▸ Brief
Copy each record below without changing a single word.

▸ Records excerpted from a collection
◇ ◇ ◇
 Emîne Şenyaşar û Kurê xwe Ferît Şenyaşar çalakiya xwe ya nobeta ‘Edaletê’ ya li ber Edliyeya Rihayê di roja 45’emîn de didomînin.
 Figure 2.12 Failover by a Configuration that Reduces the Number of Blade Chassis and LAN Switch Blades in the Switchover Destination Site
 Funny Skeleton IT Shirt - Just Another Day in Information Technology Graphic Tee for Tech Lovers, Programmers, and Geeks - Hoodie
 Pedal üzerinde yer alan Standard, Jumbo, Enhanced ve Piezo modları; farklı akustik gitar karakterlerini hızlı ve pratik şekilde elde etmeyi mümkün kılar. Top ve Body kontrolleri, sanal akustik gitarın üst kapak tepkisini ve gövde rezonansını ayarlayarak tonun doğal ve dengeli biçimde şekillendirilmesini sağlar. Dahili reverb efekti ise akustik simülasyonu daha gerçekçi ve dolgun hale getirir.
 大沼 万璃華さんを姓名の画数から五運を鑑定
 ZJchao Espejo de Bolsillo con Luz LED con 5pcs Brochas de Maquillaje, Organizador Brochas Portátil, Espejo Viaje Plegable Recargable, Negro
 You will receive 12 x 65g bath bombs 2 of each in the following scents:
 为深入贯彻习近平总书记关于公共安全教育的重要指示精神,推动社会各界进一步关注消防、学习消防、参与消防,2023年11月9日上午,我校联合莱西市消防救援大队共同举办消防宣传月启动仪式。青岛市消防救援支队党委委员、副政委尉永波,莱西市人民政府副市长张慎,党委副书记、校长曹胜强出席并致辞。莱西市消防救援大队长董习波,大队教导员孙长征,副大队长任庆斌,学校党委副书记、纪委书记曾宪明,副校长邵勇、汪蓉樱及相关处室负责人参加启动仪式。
◇ ◇ ◇
▸ Exercise result
 Emîne Şenyaşar û Kurê xwe Ferît Şenyaşar çalakiya xwe ya nobeta ‘Edaletê’ ya li ber Edliyeya Rihayê di roja 45’emîn de didomînin.
 Figure 2.12 Failover by a Configuration that Reduces the Number of Blade Chassis and LAN Switch Blades in the Switchover Destination Site
 Funny Skeleton IT Shirt - Just Another Day in Information Technology Graphic Tee for Tech Lovers, Programmers, and Geeks - Hoodie
 Pedal üzerinde yer alan Standard, Jumbo, Enhanced ve Piezo modları; farklı akustik gitar karakterlerini hızlı ve pratik şekilde elde etmeyi mümkün kılar. Top ve Body kontrolleri, sanal akustik gitarın üst kapak tepkisini ve gövde rezonansını ayarlayarak tonun doğal ve dengeli biçimde şekillendirilmesini sağlar. Dahili reverb efekti ise akustik simülasyonu daha gerçekçi ve dolgun hale getirir.
 大沼 万璃華さんを姓名の画数から五運を鑑定
 ZJchao Espejo de Bolsillo con Luz LED con 5pcs Brochas de Maquillaje, Organizador Brochas Portátil, Espejo Viaje Plegable Recargable, Negro
 You will receive 12 x 65g bath bombs 2 of each in the following scents:
 为深入贯彻习近平总书记关于公共安全教育的重要指示精神,推动社会各界进一步关注消防、学习消防、参与消防,2023年11月9日上午,我校联合莱西市消防救援大队共同举办消防宣传月启动仪式。青岛市消防救援支队党委委员、副政委尉永波,莱西市人民政府副市长张慎,党委副书记、校长曹胜强出席并致辞。莱西市消防救援大队长董习波,大队教导员孙长征,副大队长任庆斌,学校党委副书记、纪委书记曾宪明,副校长邵勇、汪蓉樱及相关处室负责人参加启动仪式。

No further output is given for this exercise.